* [Source material]:

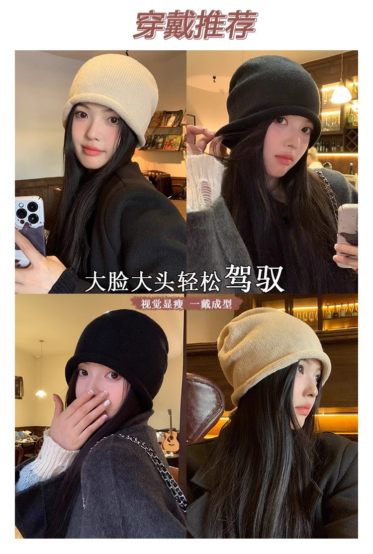 모자 여성 가을 겨울 모직 모자 큰 머리 둘레 작은 얼굴 보여주는 방한 모자 졸라매는 끈 푹신한 모자 롤업 니트 모자 캐주얼 모자스토어 가기
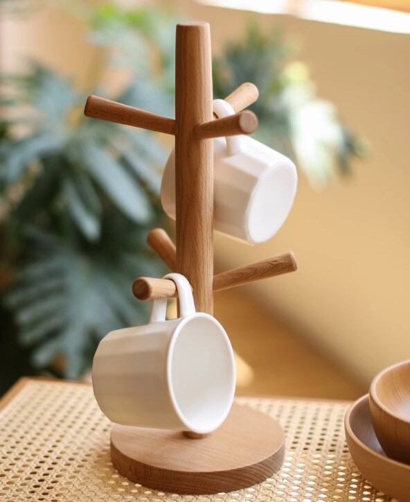 プレミアム素材:高品質のブナ材で作られたマグツリー、100%環境に優しく磨かれた滑らかな角。
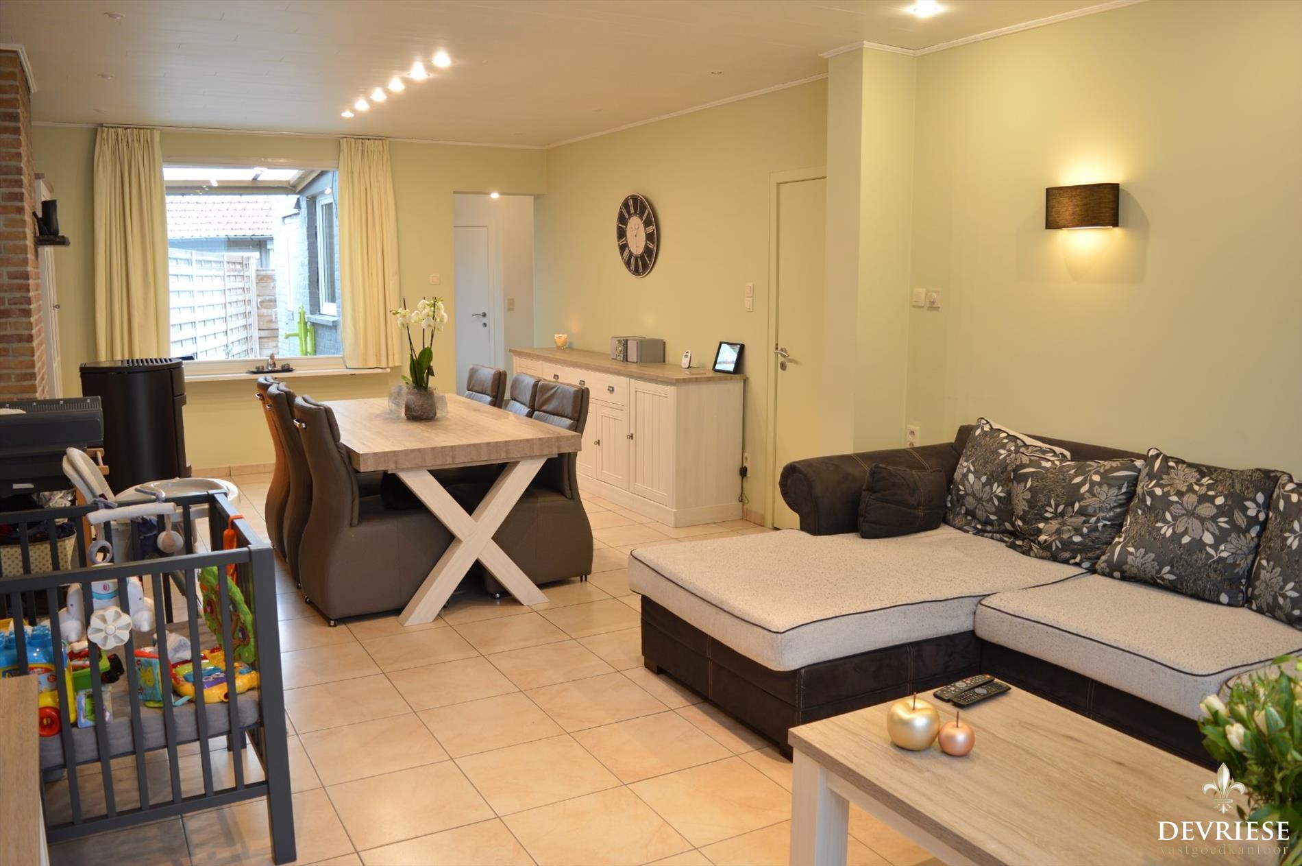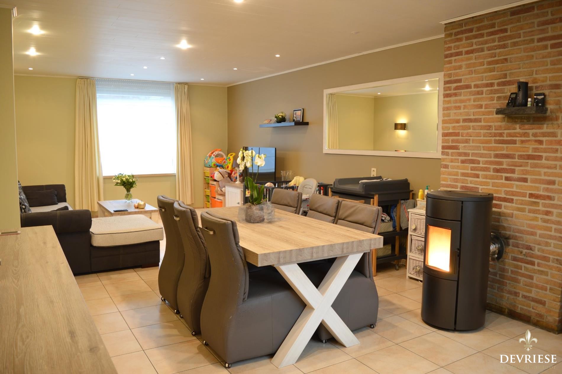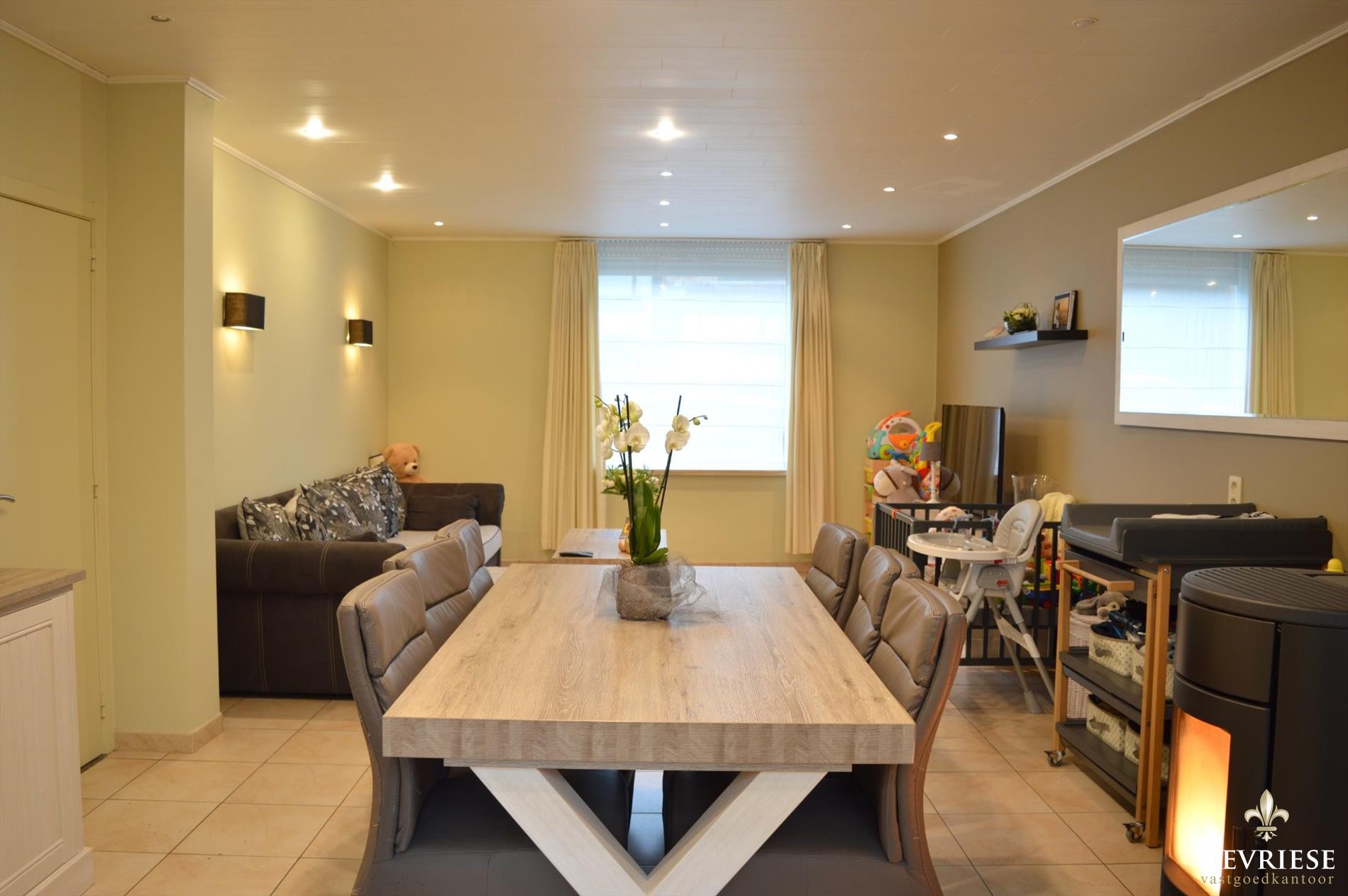 Deze aantrekkelijke instapklare gezinswoning ligt op een boogscheut van het centrum en van belangrijke invalswegen. De woning omvat een ruime inkomhal, grote leefruimte met recente pelletkachel en een pas vernieuwde moderne keuken. Aansluitend een berging en gastentoilet. De woning is daarenboven voorzien van een praktische voorraadkelder.
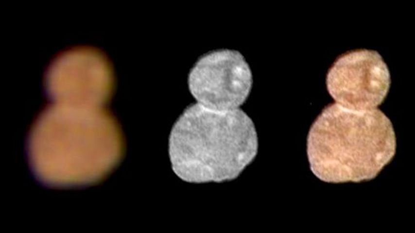 The snowman picture was taken a half-hour before the spacecraft's closest approach early Tuesday, from a distance of about 18,000 miles (28,000 kilometers).
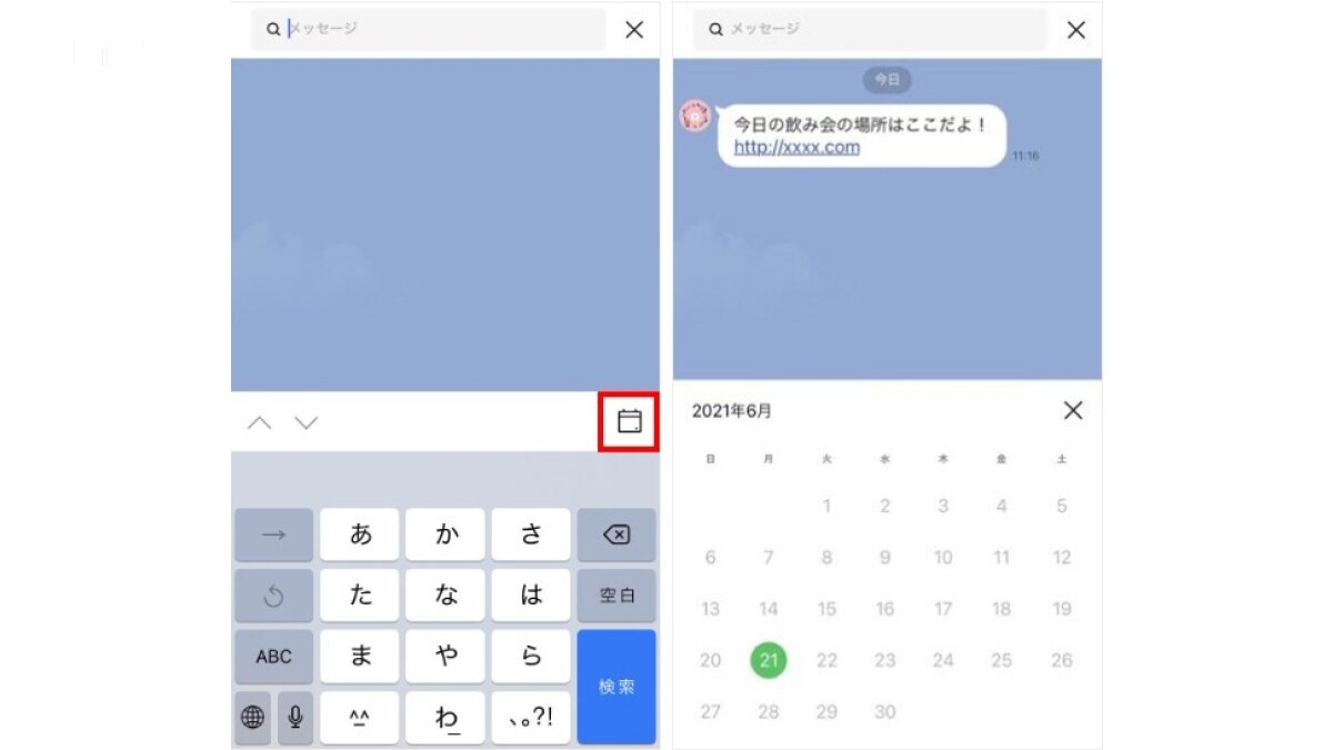 「あの時の約束、いつだったかな?」「大事な情報が埋もれてしまった」そんな時に役立つのが「トーク内検索」機能です。トークルームの虫眼鏡マークをタップし、キーワードを入力して探すか、カレンダーマークから日付を選んで目的のメッセージを素早く見つけることができます。写真や動画の各上部をクリックして、関連トークに飛ぶことも可能です。

* [What you need to do]: Each record above should be repeated exactly, please, without pictures.

* [Answer for the task]:
 모자 여성 가을 겨울 모직 모자 큰 머리 둘레 작은 얼굴 보여주는 방한 모자 졸라매는 끈 푹신한 모자 롤업 니트 모자 캐주얼 모자스토어 가기
 プレミアム素材:高品質のブナ材で作られたマグツリー、100%環境に優しく磨かれた滑らかな角。
 Deze aantrekkelijke instapklare gezinswoning ligt op een boogscheut van het centrum en van belangrijke invalswegen. De woning omvat een ruime inkomhal, grote leefruimte met recente pelletkachel en een pas vernieuwde moderne keuken. Aansluitend een berging en gastentoilet. De woning is daarenboven voorzien van een praktische voorraadkelder.
 The snowman picture was taken a half-hour before the spacecraft's closest approach early Tuesday, from a distance of about 18,000 miles (28,000 kilometers).
 「あの時の約束、いつだったかな?」「大事な情報が埋もれてしまった」そんな時に役立つのが「トーク内検索」機能です。トークルームの虫眼鏡マークをタップし、キーワードを入力して探すか、カレンダーマークから日付を選んで目的のメッセージを素早く見つけることができます。写真や動画の各上部をクリックして、関連トークに飛ぶことも可能です。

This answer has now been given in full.